Ukrainians just did the same as the citizens of Turkey, Brazil, the United States, Tunisia and other countries have done in the past, and tried to protect values that were important for all of them.

It just so happens that refusing the ‘Euro choice’ in Ukraine means remaining a land of lawlessness, despotism, kleptocracy and ignorance.

The president’s and government’s vision of keeping Ukraine within the post-Soviet area dominated by Vladimir Putin’s Russia, with its sick imperial ambitions, is one that upsets Ukrainians who mostly see themselves as part of the European geopolitical reality.

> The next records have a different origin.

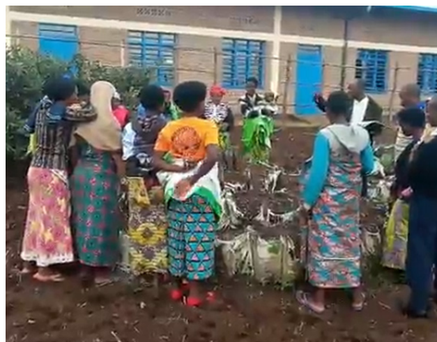
Photo: Adult learners taking part in a compost manure making for kitchen garden case study session.

SPA-ALE has been successfully implemented in three districts in Western Province, namely, Rusizi, Karongi and Rubavu. Research evaluation conducted has found that a social practice approach is more effective than a teacher-centred approach for adult learners. Over 90% of adult learners were satisfied with the participatory and learner-centred teaching methods.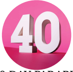
40 DAY PARABLE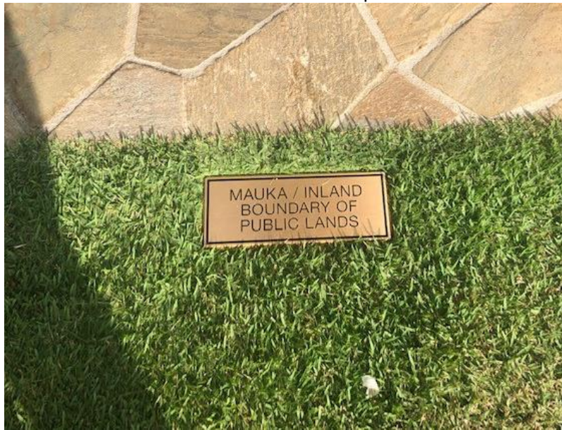
Location #2 (Exhibit A3)

Bringing down Lenin’s statue in Kiev at the time of Euromaidan was an interesting example of the differentiation between Ukrainian society’s geopolitical self-identification and the current political culture faced by people living in the capital.

Lenin’s statue is seen as a symbol of totalitarianism and new imperial threats to Ukraine. Nevertheless, people do not support the spontaneous, illegal destruction of the symbol of our ‘common history’ with Tsarist-Soviet-Putin’s Russia.

Ideology of the ‘revolution of dignity’

Volodymyr Yermolenko, a lecturer at Kyiv-Mohyla Academy, offered an original comment on the relativity of ideologies in the world today. At Maidan, one can see a mix of anarchic communism, nationalism and liberalism.

Maidan demonstrates elements of anarchic communism in its organisation: no money circulates, it is based on volunteering, solidarity and donations, it embraces the commune and the collective body dominates over individuals.

It is nationalistic in its emotional component: singing of the national anthem, prayers from Ukrainian churches, nationalistic mottos, the domination of the colours of the national flag and its use of ribbons of the national colours used for visual self-identification.

But it is also liberal in its argumentation: European flags, emphasising human rights and democracy, appealing to liberal Europe, and its aspiration to build a ‘European country’.

An anarchic and communist type organisation, nationalistic emotions and liberal arguments – this is the strange hybrid creature that is our Maidan, Volodymyr Yermolenko wrote.

I should also mention the vanishing of the national – for example, the joining together of Crimean Tatars, liberal Jewish and Russian intellectuals – and social barriers – for instance, the support given by small and middle-size businesses and the director general of Microsoft-Ukraine Dmytro Shymkiv personally shoveling snow at Maidan.

This enables us to understand that the main meaning of the Euro-revolution is held in ‘people’s heads’ and is about a real, not just a declared, belief in freedom and justice.